Bill Brown, associate professor in English, joined the U of C in 1989 and was named master of the Humanities Collegiate Division and associate dean of humanities this past April. A graduate of Duke University, he has an M.A. in creative writing and a Ph.D. in modern thought and literature from Stanford University. Co-editor of the journal Critical Inquiry, Brown wrote The Material Unconscious: American Amusement, Stephen Crane, and the Economies of Play (1996) and edited Reading the West: An Anthology of Dime Westerns (1997).

What exactly does the master of the Humanities Collegiate Division do?

Well, I suppose I think of the job’s chief responsibility as achieving some prospect from which to view the undergraduate humanities curriculum as a whole. This means overseeing the core offerings, shepherding through curricular and programmatic changes, thinking about the concentrations in relation to the rest of the curriculum, making sure we have the faculty and institutional resources we need to respond to significant changes.

For example, this coming year, thanks in large measure to philosophy professor Bill Wimsatt, the College will introduce a very different kind of “core” course—so-called “big problem” courses, taught not for first-year but for fourth-year students. Elective, interdivisional, and team-taught, these experimental courses are meant to challenge students by asking them to think beyond their concentrations as their education at Chicago comes to a close. The courses are meant to encourage students to think about issues like the environment or evolution—issues that must be assessed beyond the boundaries of any one division or discipline.
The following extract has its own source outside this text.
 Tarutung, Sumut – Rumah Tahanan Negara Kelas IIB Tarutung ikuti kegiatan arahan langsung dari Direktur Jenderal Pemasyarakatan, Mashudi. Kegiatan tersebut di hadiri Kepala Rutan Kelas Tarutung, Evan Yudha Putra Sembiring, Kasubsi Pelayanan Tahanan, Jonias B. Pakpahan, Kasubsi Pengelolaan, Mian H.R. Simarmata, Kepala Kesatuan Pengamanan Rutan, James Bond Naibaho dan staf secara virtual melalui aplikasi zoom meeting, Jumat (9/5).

If the experiment succeeds, both from the point of view of the faculty and the students, we might begin imagining a College curriculum where students start out acquiring general education through the core curriculum, then specialize, and finally have the intellectual time and space not only to complete a specialized senior project but also to pursue a new line of questioning.
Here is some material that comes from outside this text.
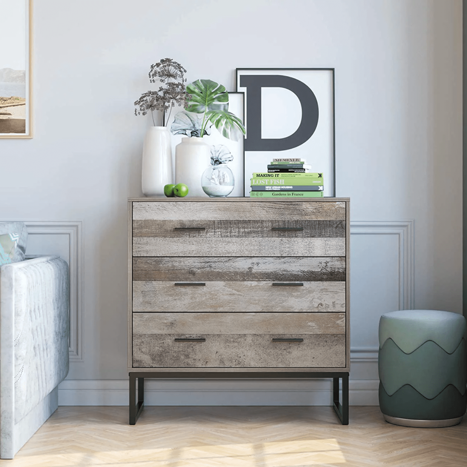 Featuring a natural faux oak grain finish, the Homfa 3 drawer dresser cabinet blends modern and stylish industrial elements with natural living tones to create a practical storage solution.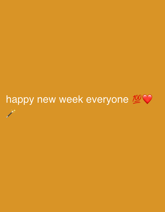 The image displays a digital graphic on a solid ochre background. White, lowercase text reading "happy new week everyone" is positioned in the lower portion of the frame. To the left of the text "happy," a white and gold magic wand emoji is present. To the right of the text "everyone," a red "100" symbol emoji is followed by a red heart emoji. This digital composition contains no discernible visual information, such as physical objects, structures, or environmental features, to determine a specific physical location in the city of Oturkpo, Nigeria, or any other geographical area.

This is the sort of experiment that should remind faculty members, administrators, and students that “general education” shouldn’t be confused with—or reduced to—introductory core courses. Already, of course, many of our students try to work toward balancing their concentrations with some diverse electives. When the art history major takes a course in political science, for example, this is no less a part of his or her “general education” than the divisional core courses.

It’s a challenging time to be a collegiate master. What made you take the job?

Quite frankly, although I was very much a part of developing the three-quarter core sequence Reading Cultures, my investments at Chicago had been primarily in my graduate courses and students. With that background, I wasn’t sure I’d be the best candidate for master, but Dean of the College John Boyer [AM’69, PhD’75] and Dean of the Humanities Phil Gossett told me they wanted someone to think about integrating the division and the College, about integrating departmental and collegiate responsibilities. That sounded sane.

And the new initiatives of the past few years—the Center for Gender Studies, the Film Studies Center, and the cinema and media studies program, the international-studies center, and the program in human rights, let alone the host of new interdepartmental majors—these make Chicago one of the exciting places to be right now, a place where you can find yourself excited by the prospect of being an administrator as well as a scholar.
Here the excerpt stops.